Another tool presented in the report is Plastic IQ, a free digital strategy-building tool that allows U.S. companies to discover ways to make their packaging more circular. Plastic IQ scores company strategies for effectiveness and provides a detailed summary of results for users. According to the report, Plastic IQ has gained 1,000 users in its first year.

Solving with people  

The Partnership is launching the Center for Sustainable Behavior & Impact. The Center will focus on expanding research on barriers and sentiments toward recycling, testing solutions to improve recycling behavior and creating a playbook and accompanying online tool to make best practices and key insights widely available.

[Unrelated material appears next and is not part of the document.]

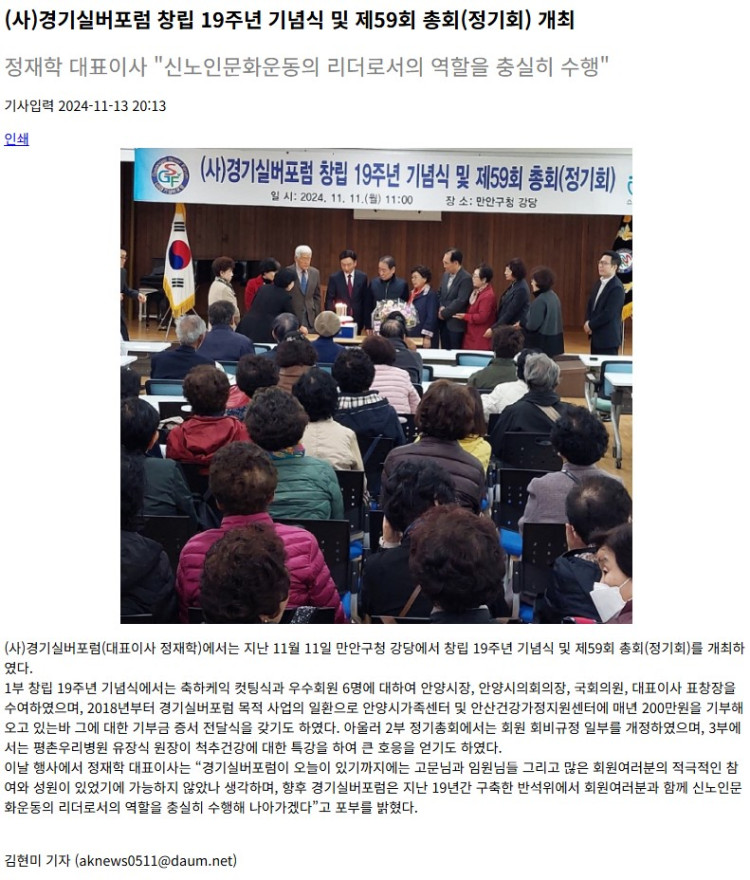[2024.11.13] (사)경기실버포럼, 창립 19주년 기념식 및 제59회 총회(정기회) 개최 정재학 대표이사 "신… 페이지 정보 작성자 관리자 댓글 0건 조회 144회 작성일 25-08-21 15:04 이전글 다음글 목록 본문 안양광역신문 - 2024. 11. 13 목록 댓글목록 댓글목록 등록된 댓글이 없습니다.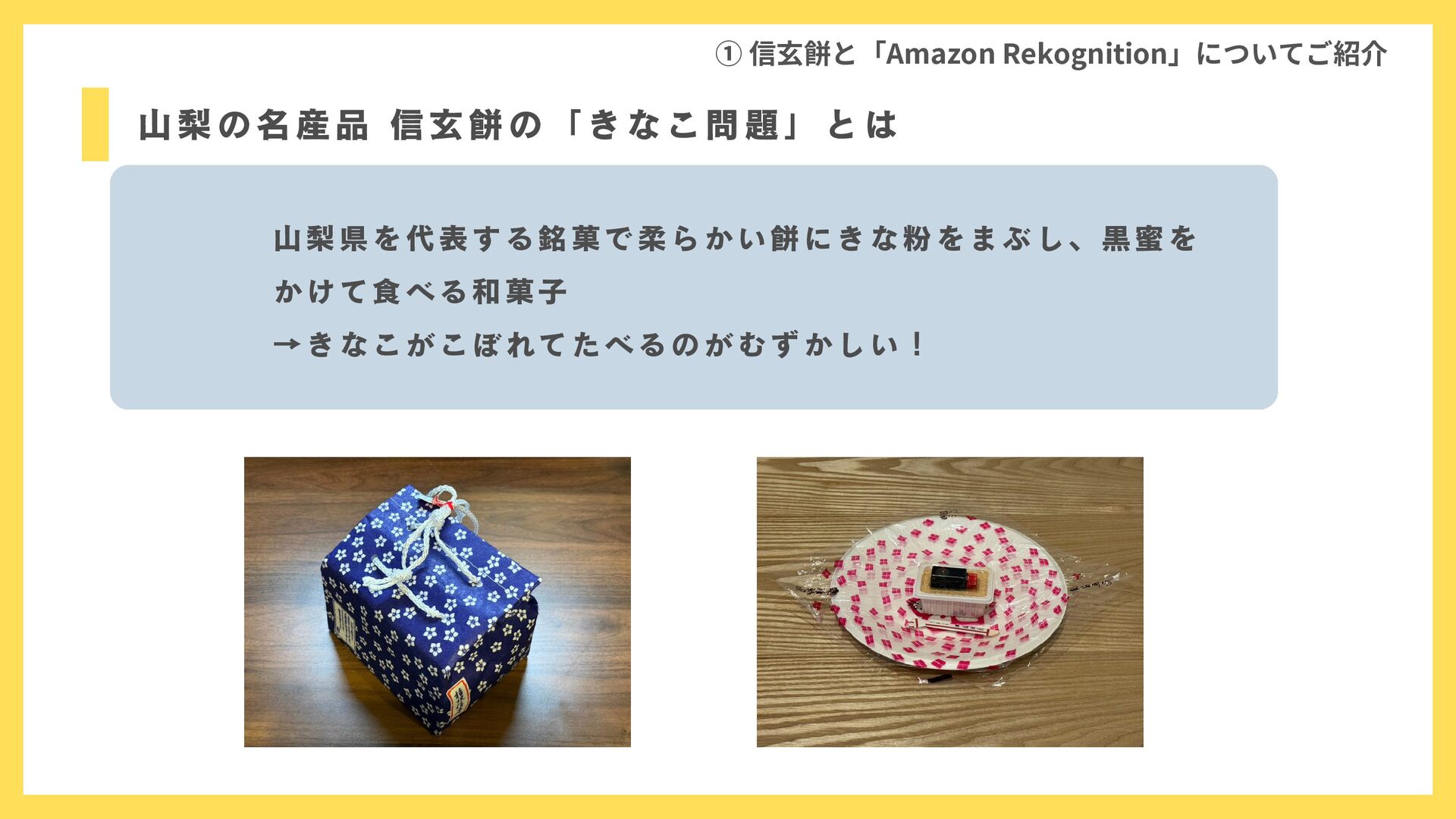山梨県を代表する銘菓で柔らかい餅にきな粉をまぶし、黒蜜を かけて食べる和菓子 →きなこがこぼれてたべるのがむずかしい! 山梨の名産品 信玄餅の「きなこ問題」とは ① 信玄餅と「Amazon Rekognition」についてご紹介

The report concludes with a three-year plan focused on transforming the U.S. recycling system and accelerating circular packaging systems of the future.

Additional goals include:

  • recovery and collection of more than 1 billion pounds of new recyclables each year;
  • improved consumer participation and trust in recycling and improved recyclability claims and labeling;
  • creation of new scalable and systematic approaches to recyclability for currently hard-to-recycle items;
  • initiation of effective and efficient policy that improves recycling system performance; and
  • transformation of thousands of packages to recyclability and reduction of tens of millions of pounds of packaging through improved designs.